# Devlog 2023-07-14

_author: Tyler Coles_

Demonstrating the new `filter_geo` utility function.

First we prepare a simulation as usual by selecting a GEO/IPM/MM and defining our simulation parameters.

In [1]:
import time
from datetime import date

from epymorph.data import geo_library_static, ipm_library, mm_library
from epymorph.simulation import Simulation

geo = geo_library_static['us_counties_2015']()
ipm_builder = ipm_library['sirs']()
mvm_builder = mm_library['sparsemod']()

param = {
    # MM
    'phi': 40.0,
    # IPM
    'beta': 0.4,
    'gamma': 0.25,
    'xi': 0.011,
    # Initializer
    'location': 0,
    'seed_size': 1000
}

print(f"Geo contains {geo.nodes} nodes.")


Geo contains 3220 nodes.


`us_counties_2015` is a big geo! Using the `sparsemod` movement model is going to take a while...

In [2]:
sim = Simulation(geo, ipm_builder, mvm_builder)

t0 = time.perf_counter()
sim.run(param=param, start_date=date(2010, 1, 1), duration_days=30)
t1 = time.perf_counter()
print(f"Complete in {(t1 - t0):.3f} s")


Complete in 270.819 s


Whew. This is fine if we _need_ to run a full simulation, but what if we're working in some kind of implementation loop?
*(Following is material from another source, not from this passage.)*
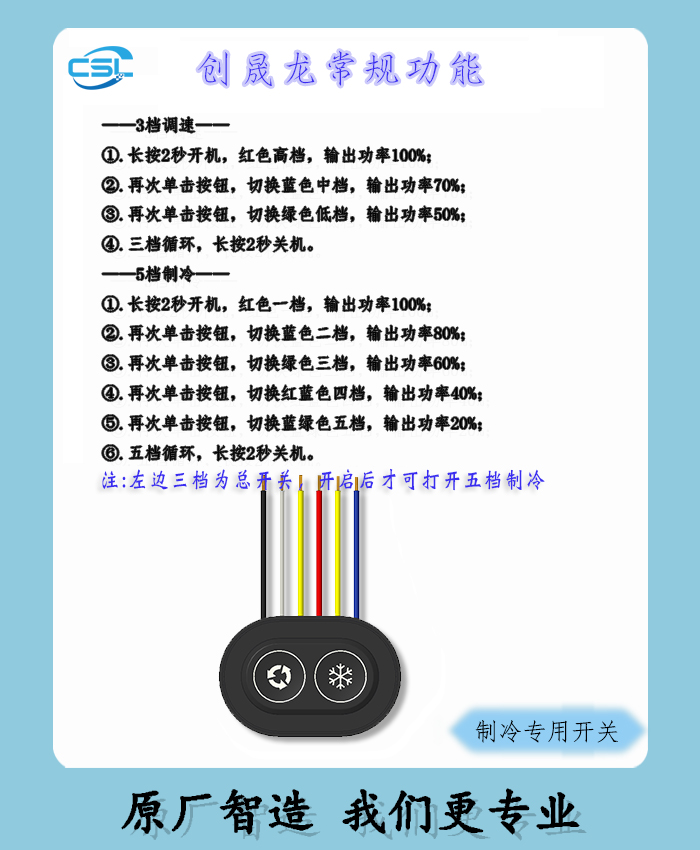 Refrigeration switch double-press multi-gear controlled temperature-controlled speed-wide current intelligent waterproof silica gel can be sewn with multi-energy
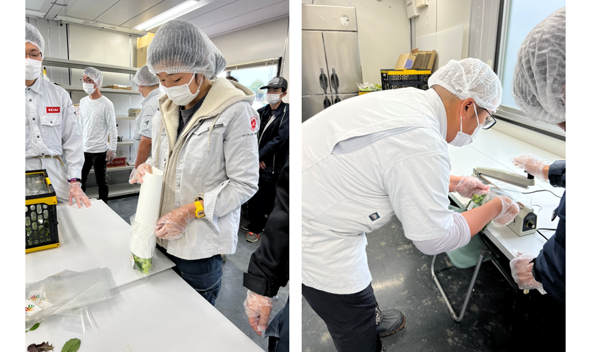 今回初出荷されたベビーリーフは、ひとつひとつケイアイファームの従業員が手作業で袋詰めを行いました。無農薬で安心安全なベビーリーフを従業員に届けケイアイファームの認知向上、従業員の健康促進を図るとともに、すべての従業員の働きがいに繋がる、多様な人材が活躍できる職場環境の実現を目指します。

Maybe we're tweaking parameters little by little based on the observation of our results. If the simulation runs faster, we can try more parameters. And maybe we don't need a full simulation to know if our parameters are good or not. For this kind of purpose, it would be handy to simulate on a subset of the nodes from the geo. But it would be a pain to create a whole new geo that is just a subset of another one.

Now we can easily pull this off with geo filtering!

The first step is to select which nodes should be in our subset, then we can create a filtered geo.

Selections are nothing more than an array of indices. Utility function `top` is a convenient way to get the top-N nodes, but any method to choose a set of indices will work. (There's also `bottom` for instance.)

In [3]:
from epymorph.util import top

# Here we're selecting the 200 nodes with the most population.
selection = top(200, geo['population'])

# `filter_geo` then returns a new geo by applying a selection
# to every attribute in the original geo.
geo_filtered = geo.filter(selection)

print(f"Original has {geo.nodes} nodes; filtered has {geo_filtered.nodes}.")


Original has 3220 nodes; filtered has 200.


Running the simulation on the filtered geo is much faster!

In [4]:
sim = Simulation(geo_filtered, ipm_builder, mvm_builder)

t0 = time.perf_counter()
sim.run(param=param, start_date=date(2010, 1, 1), duration_days=30)
t1 = time.perf_counter()
print(f"Complete in {(t1 - t0):.3f} s")


Complete in 16.025 s